+++ Material for this task

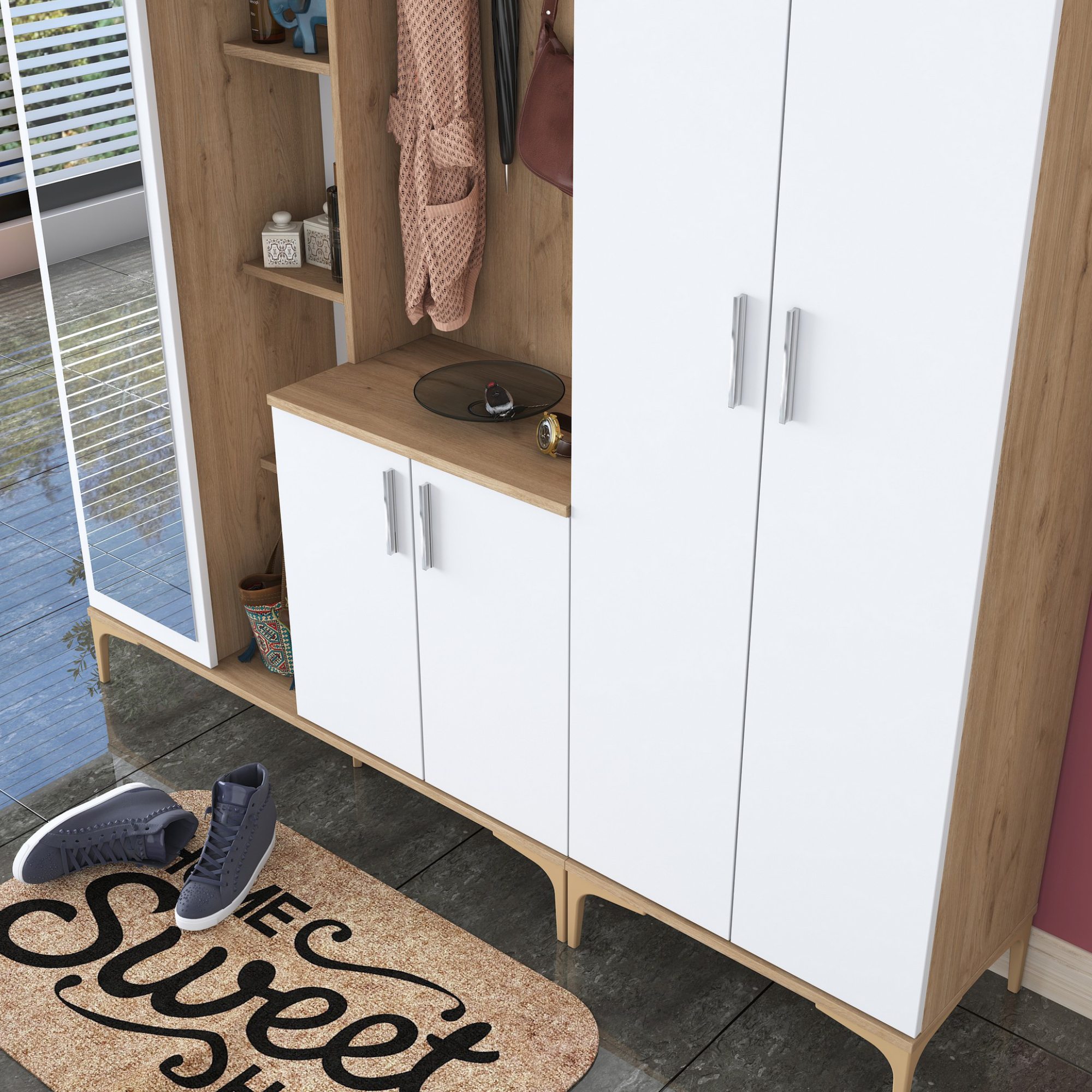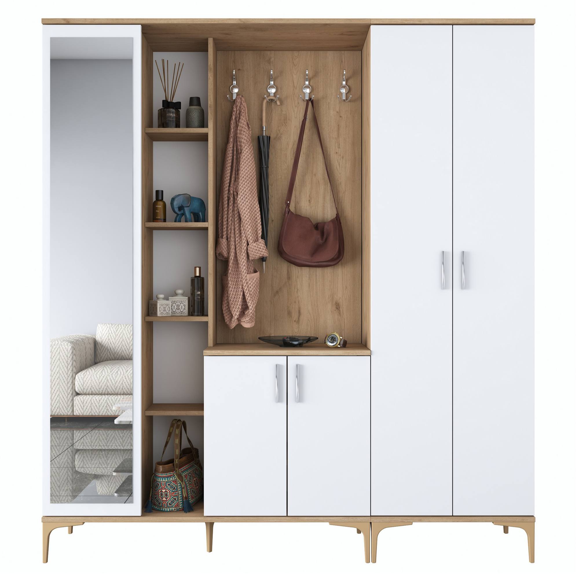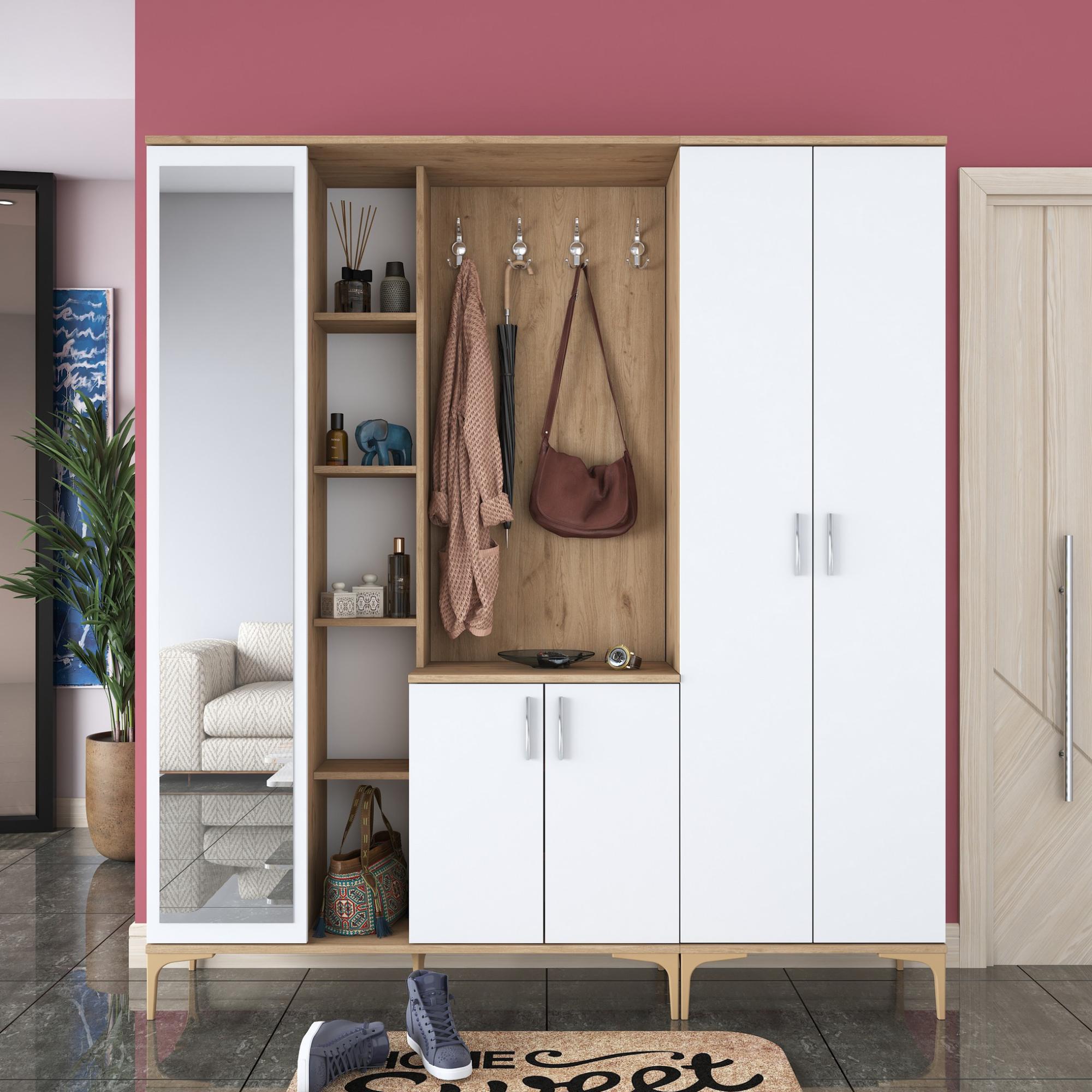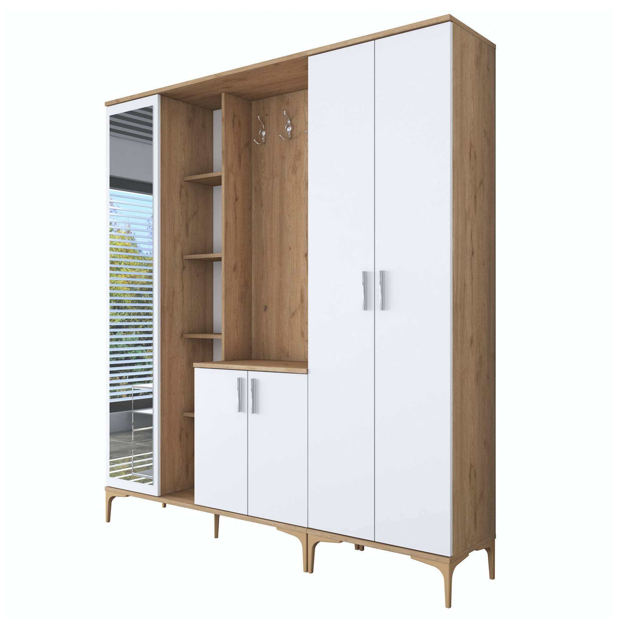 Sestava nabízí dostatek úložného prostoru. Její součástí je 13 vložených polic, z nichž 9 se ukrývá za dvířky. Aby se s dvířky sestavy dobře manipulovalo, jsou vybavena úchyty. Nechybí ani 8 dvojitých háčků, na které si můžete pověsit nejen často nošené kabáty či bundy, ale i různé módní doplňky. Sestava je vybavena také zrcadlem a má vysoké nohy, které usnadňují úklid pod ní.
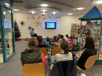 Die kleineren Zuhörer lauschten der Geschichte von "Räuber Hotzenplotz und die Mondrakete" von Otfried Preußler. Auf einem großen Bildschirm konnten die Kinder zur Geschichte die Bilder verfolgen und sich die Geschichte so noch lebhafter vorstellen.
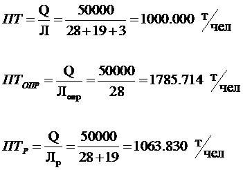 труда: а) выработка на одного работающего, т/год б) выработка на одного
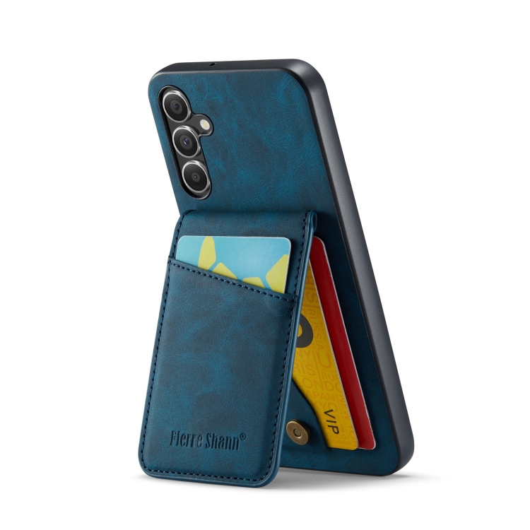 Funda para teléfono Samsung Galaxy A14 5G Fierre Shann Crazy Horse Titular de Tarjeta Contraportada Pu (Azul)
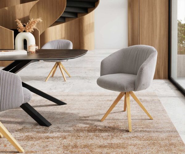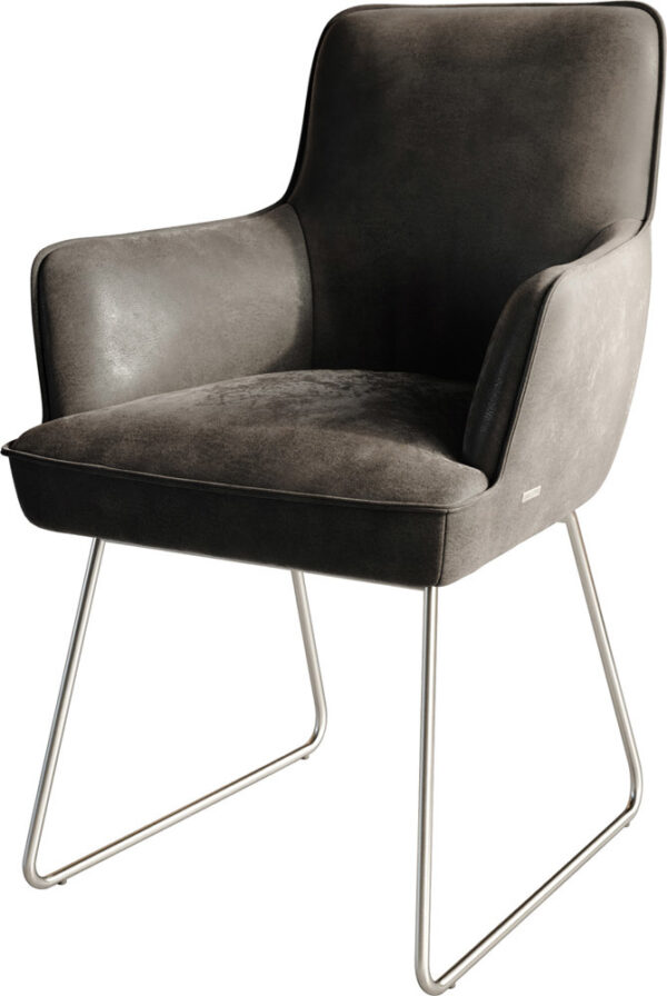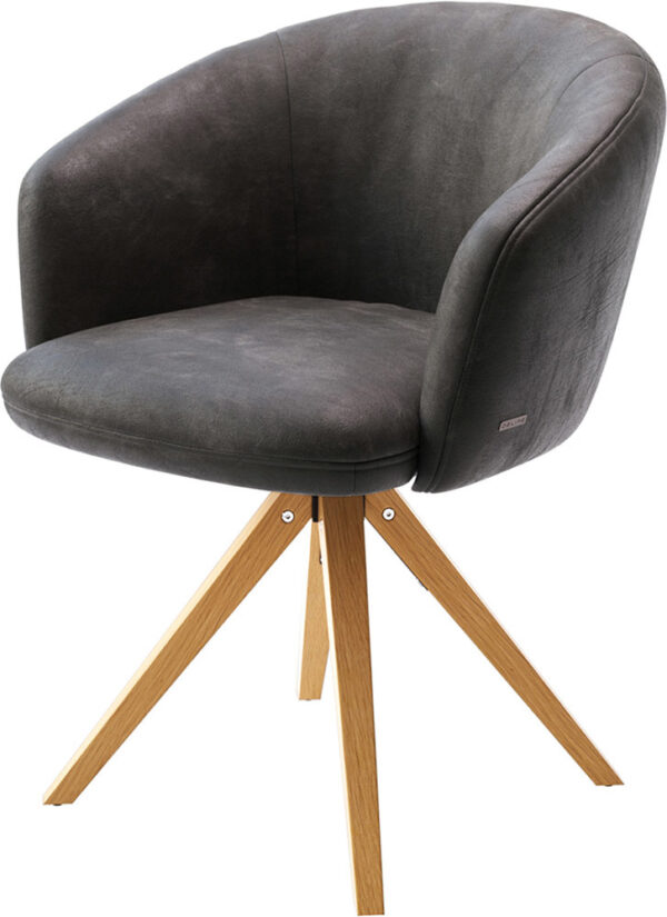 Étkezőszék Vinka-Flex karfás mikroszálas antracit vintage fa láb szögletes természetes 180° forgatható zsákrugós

++++++

* How to complete this task
Do not include pictures. Copy only the lines running from the line with "Funda para teléfono" through the last line of the records, exactly as they appear.

* Response area
 Funda para teléfono Samsung Galaxy A14 5G Fierre Shann Crazy Horse Titular de Tarjeta Contraportada Pu (Azul)
 Étkezőszék Vinka-Flex karfás mikroszálas antracit vintage fa láb szögletes természetes 180° forgatható zsákrugós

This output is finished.